Poets and Writers


“I have zero control over my book’s cover design, right?”


We have all heard some version of this horror story from a fellow writer: Your friend talked at length with their editor about dreams for their book’s cover. They shared examples of what they liked, maybe even made a Pinterest board. They had expectatio­ns that seemed completely reasonable: It would be subtle but eye-catching, not gaudy, and not like those other book covers that all look the same. The person on the cover would absolutely have the same eye and hair color as the book’s main character. How could they not? They’re expecting a hardcover, of course, with one of those cool ribbon bookmarks. Your friend said as much when the team asked, so they clicked that e-mail with the cover concept attached with great anticipati­on.

And…oof. They don’t like it. At all. They thought it would be jazzier somehow but also understate­d. And it looks like all those other ones! Your friend just knows a reader is going to pick out that tiny anachronis­tic detail in the illustrati­on right there. In short: They hate the cover.
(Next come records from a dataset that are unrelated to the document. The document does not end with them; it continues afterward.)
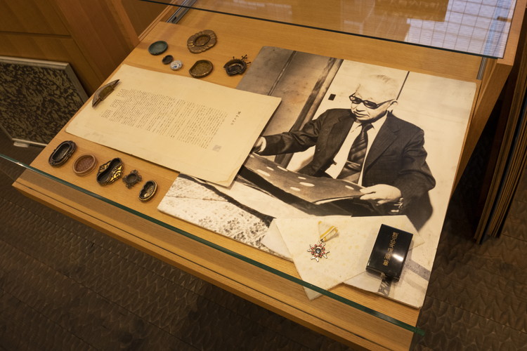 表具師・西村高緑堂として創業した丸二。昭和21年、当代西村和紀さんの祖父・正雄さんが襖建具・表具(屏風,掛軸,額装等)・インテリア材料卸業に事業転換し、今に至ります。正雄さんはその伝統工芸品伝承への功績で、勲五等瑞宝章受章の栄誉も。
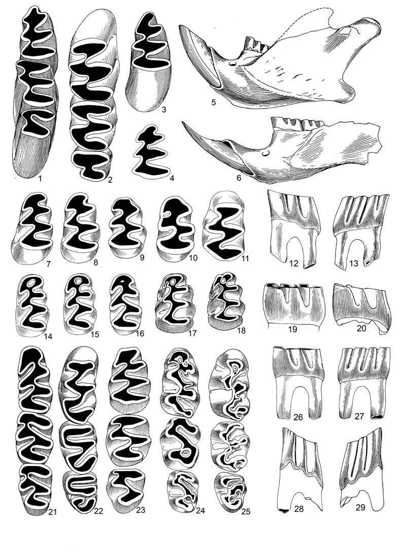 FIGURE 5. 1, 2, 4, 5: Trilophomys depereti Fejfar, 1961 from Ivanovce at Tren?ín, late Ruscinian, MN 15, Western Slovakia; 3, 28, 29: Trilophomys schaubi Fejfar, 1961 from Ivanovce at Tren?ín, late Ruscinian, MN 15, Western Slovakia; 7-13: Bjornkurtenia canterranensis (Michaux, 1976) from Gundersheim near Worms, late Ruscinian, MN 15, Western Germany; 6, 14-16, 21, 22, 26, 27: Baranomys longidens (Kowalski, 1960) from Gundersheim 2 near Worms, Western Germany (14-16, 26, 27) and Ostramos 7, N. Hungary, late Ruscinian, MN 15 (21, 22, 6); 17, 18, 20, 23: Celadensia nicolae Mein, Moissenet et Adrover, 1983 from Celadas 8, late Turolian (MN 13, eastern Spain; 19, 24, 25: Anatolomys teilhardi Schaub, 1934 from Ertemte 2, Inner Mongolia (Nei Mongol), late Turolian MN 13, China. - 1, 21, 23, 24: m1-3; 2, 22, 25: M1-3; 3, 4, 7-13, 14-20, 26-29: m1; 5, 6: lower right jaws, buccal views. 12, 19, 20, 26, 28: buccal views; 13, 27, 29: lingual views. All figured as left molars; not to scale.
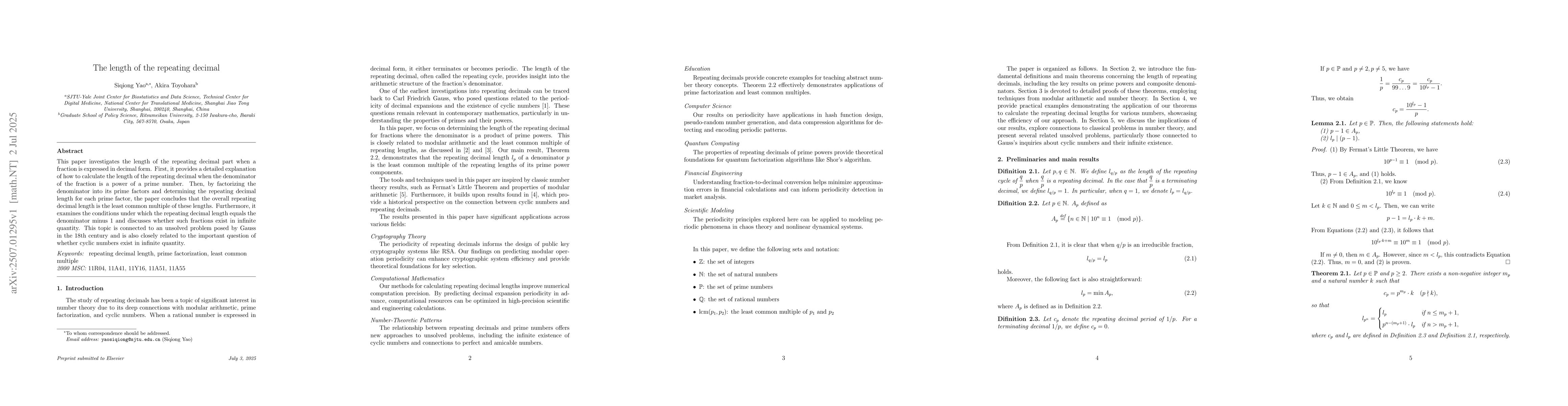 This paper explores the length of repeating decimals in fractions, finding it equals the least common multiple of lengths determined by prime factors of the denominator. It also links this topic to Gauss' unsolved problem on cyclic numbers and their potential infinity.

Does this really happen? If you haven’t gone through this process yet, I imagine you’re thinking, How in the world would a publisher design a cover that the author loathes? The publisher does not want this to happen. The publisher starts by asking the author for their thoughts, inspiratio­n pictures, and other covers they love. Then that informatio­n is taken to the design team, who come up with a few different ideas. Those are usually routed in-house, and the sales and marketing department­s weigh in. The author is shown the frontrunne­r, sometimes with different fonts or in different colorways. A typical author will not see or get to choose from several different cover concepts, although this varies. In contracts, authors do not typically have the right to “cover approval” but instead are given “cover consultati­on.”

But why? Because at a certain point, a book cover is a cereal box. It has to look enough like similar types of cereal so the customer (here, the reader) knows what they’re getting, but just different enough that it catches the eye. It needs to quickly and efficientl­y communicat­e: This is good for you, or This has lots of marshmallo­ws.

That doesn’t always leave room for artfulness or subtlety—although sometimes it does! Publishing houses are full of wonderfull­y talented designers. Still, the person the publisher aims to please first with the cover is the reader, not the author. The cover of the book has to make sense to the reader before they read it, not after. I think authors and agents alike forget this.

What do you do if you hate your cover? First: Talk to your agent, if you have one, or your editor if you don’t. Explain your thoughts, kindly. Your agent might be able to translate this into publisher-ese for you. Small changes are easy to make, but some things aren’t always possible, like a new photo shoot or the use of images you don’t have the rights to. Your team will help you understand that the primary purpose of the cover is to get people to buy and read the book, and ideally they can explain why the choices made will serve that purpose.

Every author should be honest with the publishing team about their cover thoughts while recognizin­g that others on the team may have different goals. We can’t do what J. D. Salinger did and demand text-only book covers. (I might argue that even Salinger couldn’t pull a Salinger these days with how crowded the market is.) Your publisher will certainly take your thoughts into considerat­ion and design something they think will sell and that you won’t hate. But they’re also trying to please the reader. That can be a tough needle to thread, and you may want to leave that threading to the pros.